Los Grobo: posicionándose en las nuevas tecnologías

Asimismo el Grupo los Grobo ha generado una empresa líder en el área de Biotecnología y clonación de animales que se denomina Bioceres, una sociedad inversora en la que agrupa y lidera a más de doscientos emprendedores agropecuarios.
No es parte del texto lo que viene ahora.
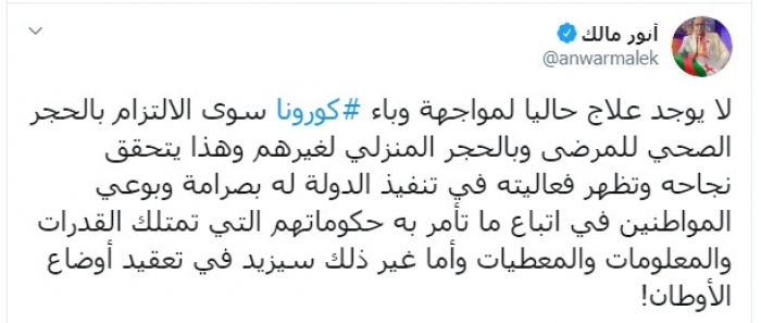 وكتب مالك عبر تغريدة له على "تويتر" رصدها " المشهد العربي":"لا يوجد علاج حاليا لمواجهة وباء كورونا سوى الالتزام بالحجر الصحي للمرضى وبالحجر المنزلي لغيرهم".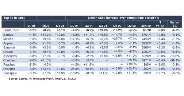 “Berries had slight dollar sales in June of +0.8 percent but pounds were flat,” Parker said. “Mixed fruit and mandarins dropped out of the top 10 and peaches and pineapples made inroads. Volume sales were a mix with increases for grapes, oranges and pineapples but down results for all other top 10 sellers.”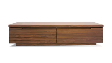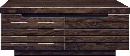 印象的なスリットをデザインし、前板に無垢材を使用した上品かつモダンなシリーズです。前板にスリットがあるため収納内のAV機器との接続もスムーズに行えます。商品左はフラップダウン扉になっており、右は引き出しになっています。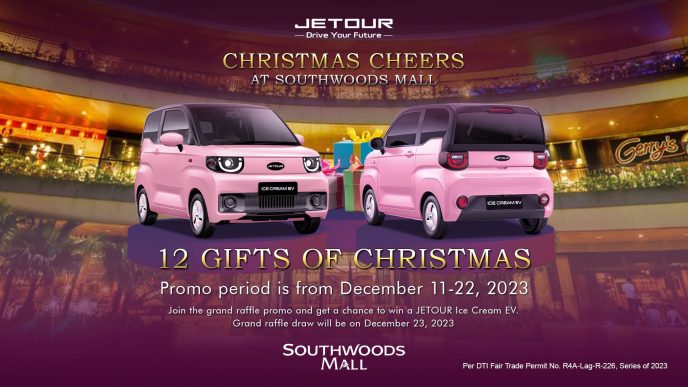 From December 11 to 22, 2023, shoppers at Megaworld’s Southwoods Mall who make a single or accumulated purchase of Php 2,000 at any of its stores will be entitled to one raffle coupon. There will be 12 raffle prizes, with winners to be drawn on December 23, 2023. A lucky shopper could win a brand-new JETOUR Ice Cream EV as the Grand Prize for the promotion.

Asimismo, mediante Bioceres y más precisamente mediante INDEAR, un instituto de agro biotecnología dependiente de Bioceres, ha concertado importantes acuerdos con las instituciones científicas del Estado Argentino para determinar las políticas oficiales en el área de investigación y desarrollo, a la vez que capitalizar esos avances científicos para el sistema de agronegocios biotecnológicos que lidera.

Grobocopatel se ha definido públicamente a sí mismo como un “sin tierra” ya que sólo es dueño del veinte por ciento del total de las tierras que cultiva, el resto son arrendadas. Con respecto al éxodo rural al que se ven arrastrados miles de campesinos como consecuencia del avance de los agronegocios, el llamado “rey de la soja” sostuvo que “La agricultura sin campesinos es parte de un nuevo paradigma vinculado con trasformaciones en la sociedad. Es un proceso que observamos desde la década del ’40, no está asociado a una ideología y no afecta sólo al campo; también hay muchas industrias con menos obreros. Por supuesto que las políticas aceleran o retrasan el proceso y lo pueden hacer más o menos equitativo, pero es inevitable y, desde mi punto de vista, positivo más allá de los temores que despierte”.
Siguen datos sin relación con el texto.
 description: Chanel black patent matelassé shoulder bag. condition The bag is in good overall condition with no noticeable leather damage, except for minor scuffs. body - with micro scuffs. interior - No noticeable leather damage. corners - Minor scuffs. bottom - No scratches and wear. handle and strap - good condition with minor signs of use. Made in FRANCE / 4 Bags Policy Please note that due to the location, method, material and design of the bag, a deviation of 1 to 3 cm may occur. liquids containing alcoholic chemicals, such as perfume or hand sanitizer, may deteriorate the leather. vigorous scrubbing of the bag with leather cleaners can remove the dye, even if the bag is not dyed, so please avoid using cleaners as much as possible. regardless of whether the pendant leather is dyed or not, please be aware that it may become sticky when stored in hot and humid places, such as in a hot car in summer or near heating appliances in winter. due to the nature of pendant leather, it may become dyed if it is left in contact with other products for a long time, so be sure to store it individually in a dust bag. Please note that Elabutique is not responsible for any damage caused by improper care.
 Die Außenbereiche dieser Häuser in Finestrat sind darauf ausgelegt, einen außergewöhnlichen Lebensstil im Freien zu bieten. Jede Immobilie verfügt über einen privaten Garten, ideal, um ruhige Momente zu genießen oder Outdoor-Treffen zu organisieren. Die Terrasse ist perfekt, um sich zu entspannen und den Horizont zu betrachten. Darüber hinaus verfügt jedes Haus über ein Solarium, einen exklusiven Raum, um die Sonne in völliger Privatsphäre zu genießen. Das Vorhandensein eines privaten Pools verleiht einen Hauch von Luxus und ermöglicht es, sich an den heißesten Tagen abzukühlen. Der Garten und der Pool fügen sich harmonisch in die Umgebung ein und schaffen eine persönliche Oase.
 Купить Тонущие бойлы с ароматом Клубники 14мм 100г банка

Hoy Los Grobo se han posicionado como el cuarto grupo molinero del país detrás de Cargill, Navilli y Lagomarsino y el tercer grupo exportador a Brasil. A partir del año 2008, con la incorporación de socios extranjeros, se transformó en una verdadera transnacional. En Febrero del 2008 el holding de Los Grobo incorporó, a través de un aumento de capital por 100 millones de dólares, al fondo de inversión Fundo de Investimento em Participações PCP,  ex propiedad del banco suizo UBS, y actualmente perteneciente al grupo financiero brasileño Pactual Capital Partners, ahora denominado Vinci Partners. En mayo del 2008 el Grupo Los Grobo, junto a PCP y a Touradji Capital Management se unieron para formar parte del grupo de inversión Sollus Capital. Touradji Capital Management es una administradora de hedge funds (Fondos de Cobertura, fondos de inversión especulativos de algo riesgo que buscan elevadas rentabilidades) con sede en Nueva York y especialista en investigación fundamental e inversiones activas en commodities y valores vinculados a ellos. Actualmente, la empresa administra activos de más de US$ 3,5 mil millones.  La página web oficial de Sollus Capital define así esta sociedad: “La alianza entre PCP, Touradji y el Grupo Los Grobo es una combinación poderosa con una posición única para capitalizar la atractiva dinámica de tierras agrícolas en América del Sur”.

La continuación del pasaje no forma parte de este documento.